Excerpted data:
BEGIN
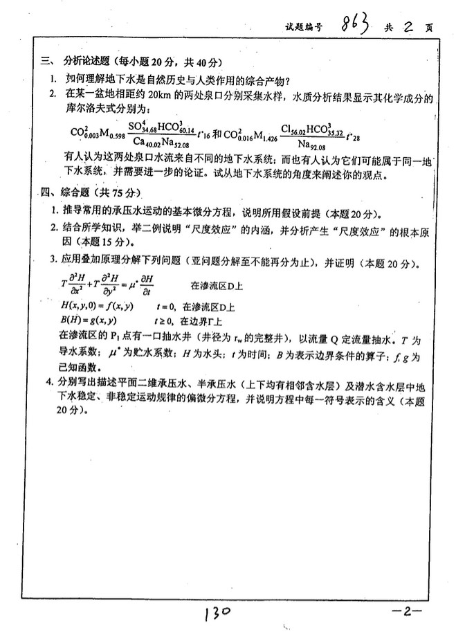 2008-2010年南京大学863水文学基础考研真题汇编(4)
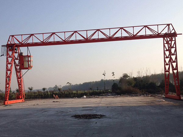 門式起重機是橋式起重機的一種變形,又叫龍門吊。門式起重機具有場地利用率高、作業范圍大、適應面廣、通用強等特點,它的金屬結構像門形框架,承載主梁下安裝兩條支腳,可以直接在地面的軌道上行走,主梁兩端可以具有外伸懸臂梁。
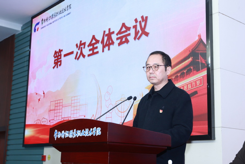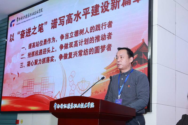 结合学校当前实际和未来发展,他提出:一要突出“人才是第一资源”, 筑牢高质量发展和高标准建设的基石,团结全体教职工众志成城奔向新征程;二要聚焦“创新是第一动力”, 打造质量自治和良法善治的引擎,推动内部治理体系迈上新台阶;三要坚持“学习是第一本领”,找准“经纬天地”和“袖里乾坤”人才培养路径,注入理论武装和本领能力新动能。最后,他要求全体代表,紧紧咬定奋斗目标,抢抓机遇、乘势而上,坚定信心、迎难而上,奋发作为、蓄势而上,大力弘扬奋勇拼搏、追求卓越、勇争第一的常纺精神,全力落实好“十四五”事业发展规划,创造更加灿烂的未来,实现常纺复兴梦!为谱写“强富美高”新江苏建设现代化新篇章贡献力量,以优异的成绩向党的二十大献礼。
END
BEGIN
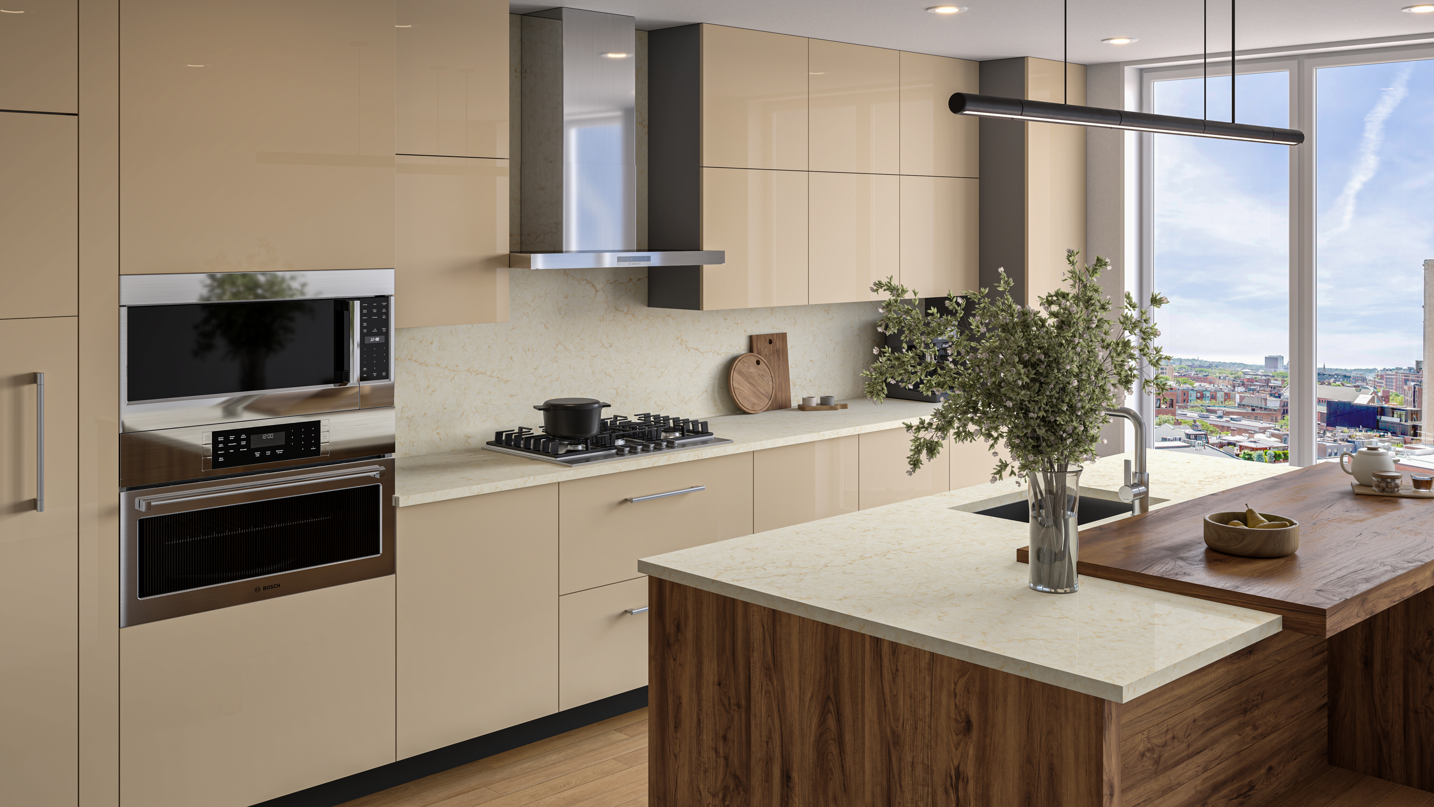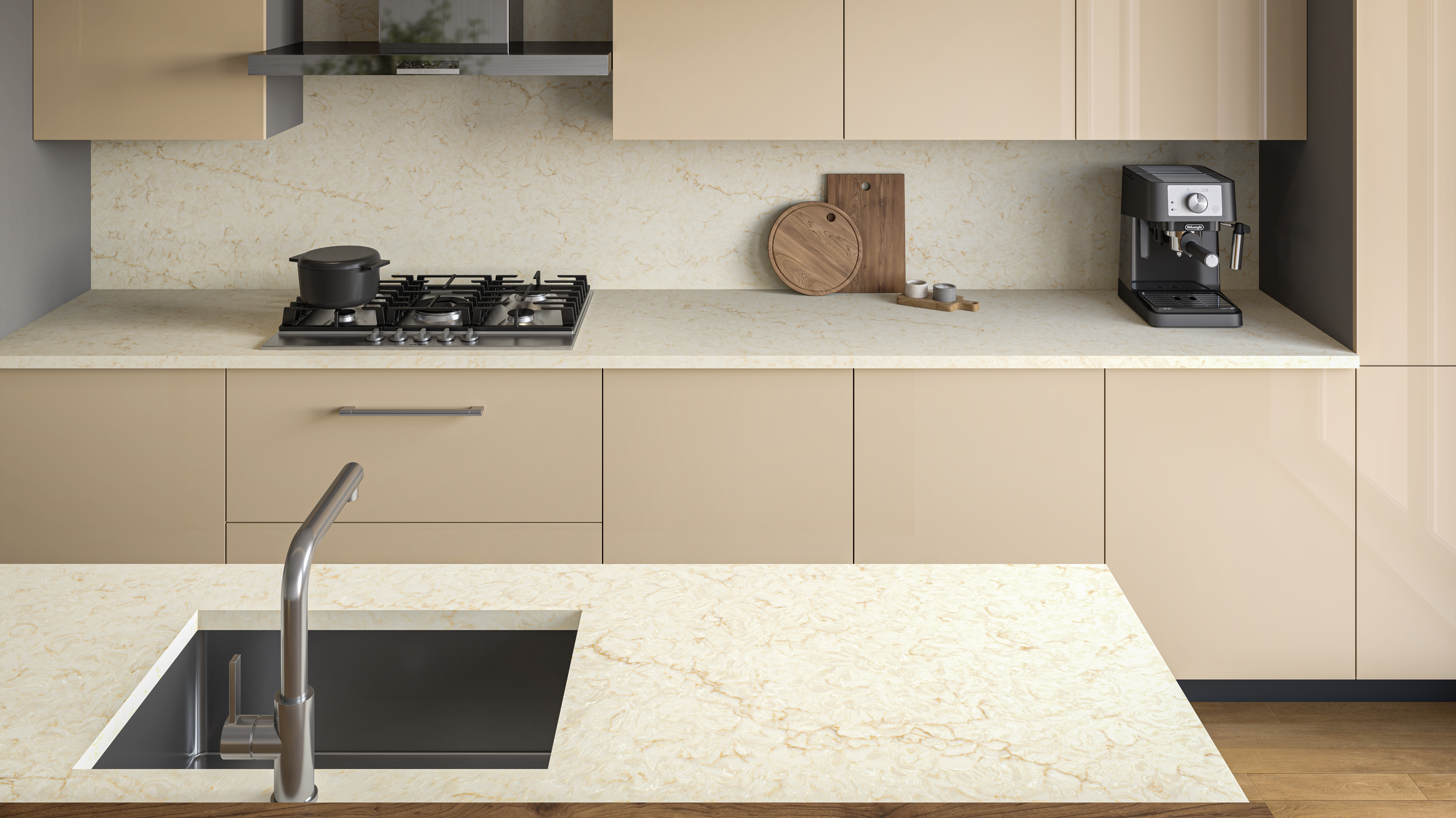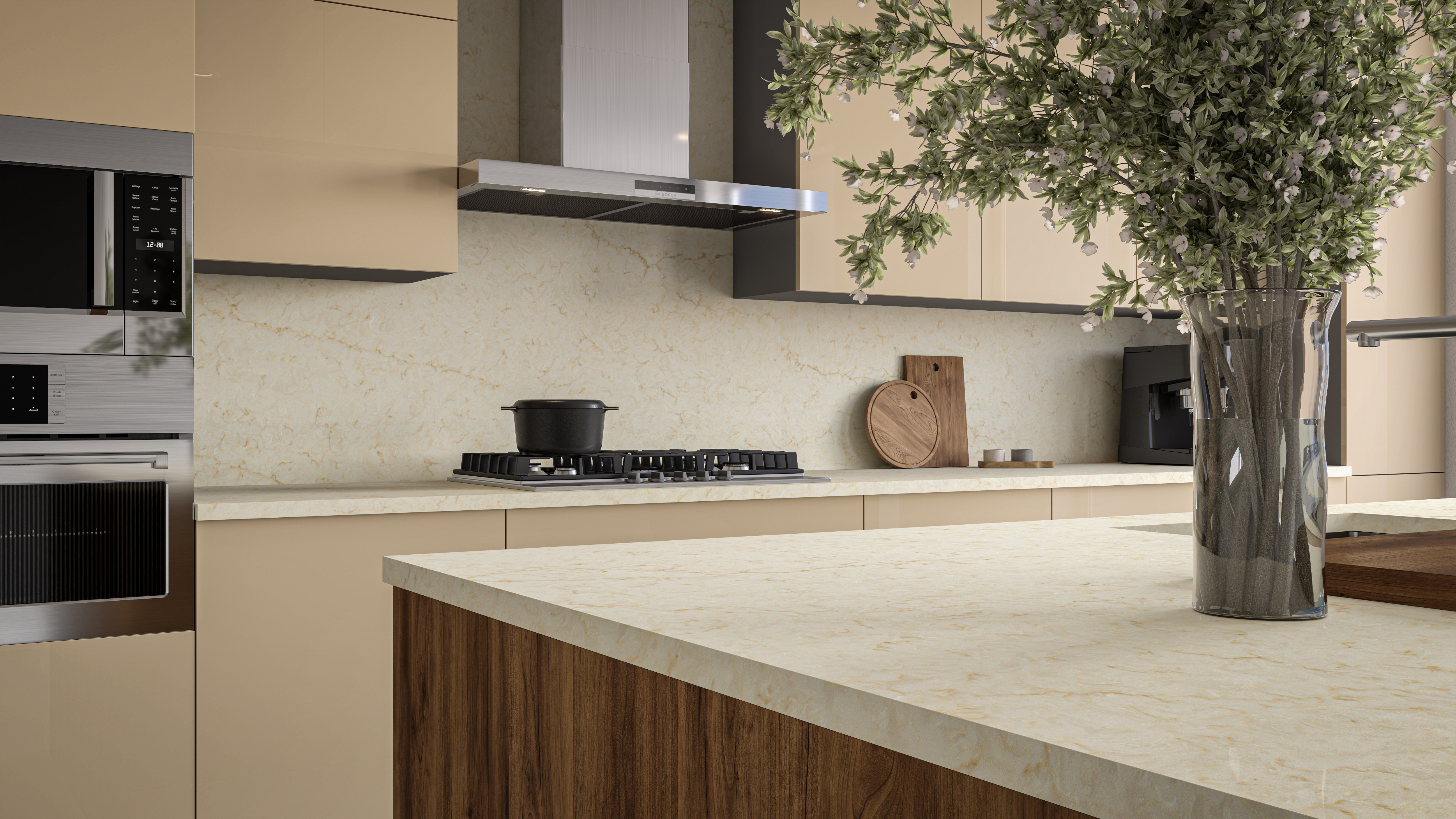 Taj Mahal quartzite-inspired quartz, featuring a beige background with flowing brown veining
END
Directions for this task:
Print from the line containing "2008-2010年南京大学863水文学基础考研真题汇编(4)" through the line containing "門式起重機是橋式起重機的一種" in the data above, exactly as the lines stand, and omit every picture.

Answer to the problem:
 2008-2010年南京大学863水文学基础考研真题汇编(4)
 門式起重機是橋式起重機的一種變形,又叫龍門吊。門式起重機具有場地利用率高、作業范圍大、適應面廣、通用強等特點,它的金屬結構像門形框架,承載主梁下安裝兩條支腳,可以直接在地面的軌道上行走,主梁兩端可以具有外伸懸臂梁。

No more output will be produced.